What is needed is a comprehensive, unified approach that relies on a standard set of services to capture, stage, and consume the information being shared. Such an environment needs to include a rules-based engine, support for popular development languages, and comply with open standards. GUI-based tools should be available for ease of development and the inherent capabilities should be modular enough to satisfy a wide variety of possible implementation scenarios.
The data-sharing form of data integration can be applied to achieve near real-time data sharing. While it does not guarantee the level of synchronization inherent with a federated data integration approach (for example, if updates are performed using two-phase commit), it also doesn't incur the corresponding performance overhead. Availability is improved because there are multiple copies of the data.
Considerations when choosing an integration approach
There is a range in the complexity of data integration projects from relatively straightforward (for example, integrating data from two merging companies that used the same Oracle applications) to extremely complex projects such as long-range geographical data replication and multiple database platforms. For each project, the following factors can be assessed to estimate the complexity level. Pretend you are a systems integrator such as EDS trying to size a data integration effort as you prepare a project proposal.
Potential for conflicts: Is the data source updated by more than one application? If so, the potential exists for each application to simultaneously update the same data.

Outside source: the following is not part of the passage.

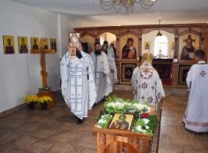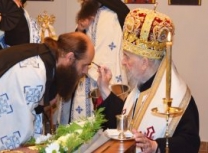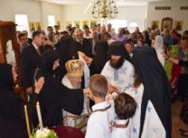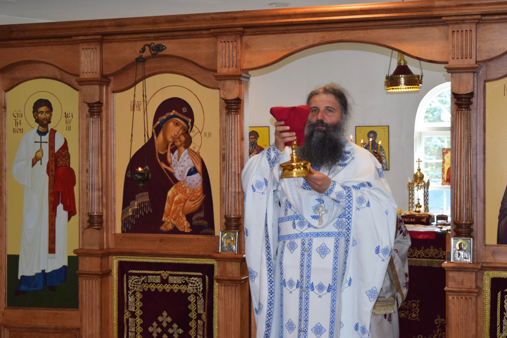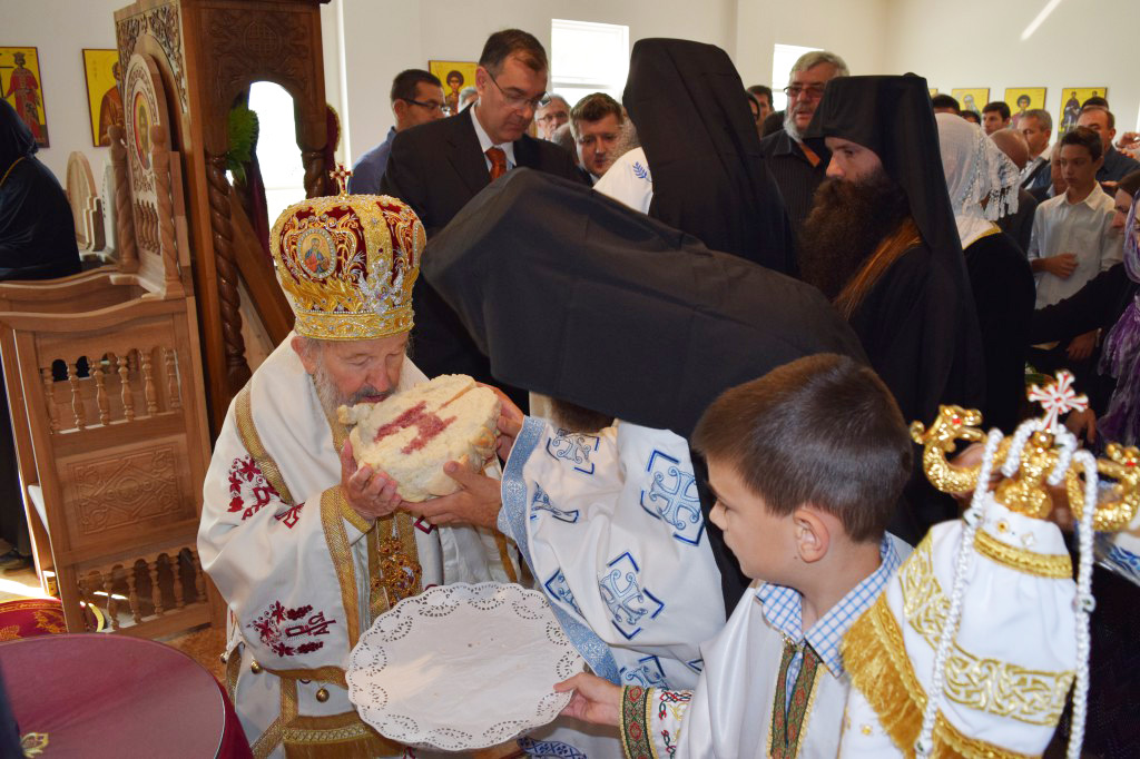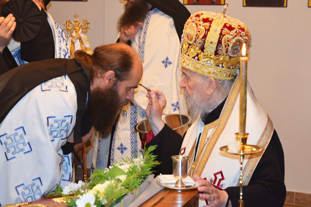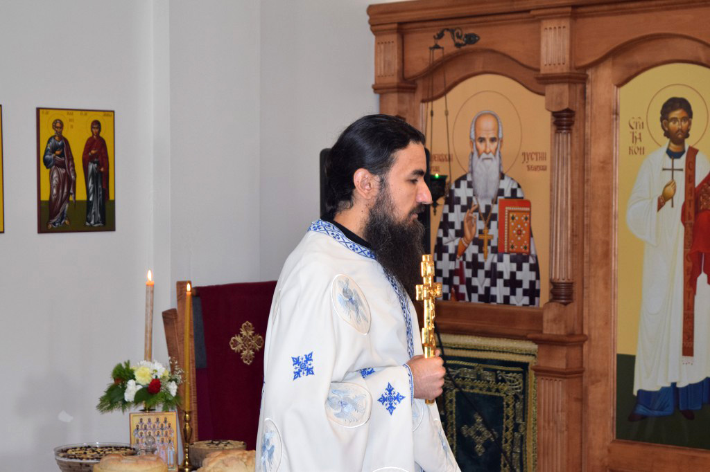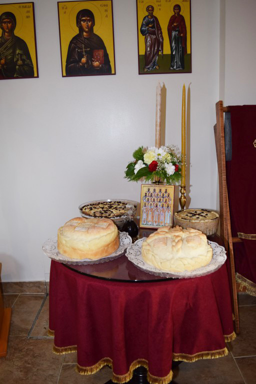 Након Литургије Владика Артемије је извршио чин резања славског колача и благосиљања жита које су у част Светих српских просветитеља принели братство манастира и овогодишњи домаћини славе Љубо и Ана Ђурић из Виндзора. За идућу годину пријавили су се Жељко и Сузана Митровић, такође из Виндзора (Канада).

Latency: What is the required synchronization level for the data integration process? Can it be an overnight batch operation like a typical data warehouse? Must it be synchronous, and with two-phase commit? Or, can it be quasi-real-time, where a two or three second lag is tolerable, permitting an asynchronous solution?
Transaction volumes and data growth trajectory: What are the expected average and peak transaction rates and data processing throughput that will be required?
Access patterns: How frequently is the data accessed and from where?
Data source size: Some data sources of such volume that back up, and unavailability becomes extremely important.
Application and data source variety: Are we trying to integrate two ostensibly similar databases following the merger of two companies that both use the same application, or did they each have different applications? Are there multiple data sources that are all relational databases? Or are we integrating data from legacy system files with relational databases and real-time external data feeds?
Data quality: The probability that data quality adds to overall project complexity increases as the variety of data sources increases.
One point of this discussion is that the requirements of data integration projects will vary widely. Therefore, the platform used to address these issues must be a rich superset of the features and functions that will be applied to any one project.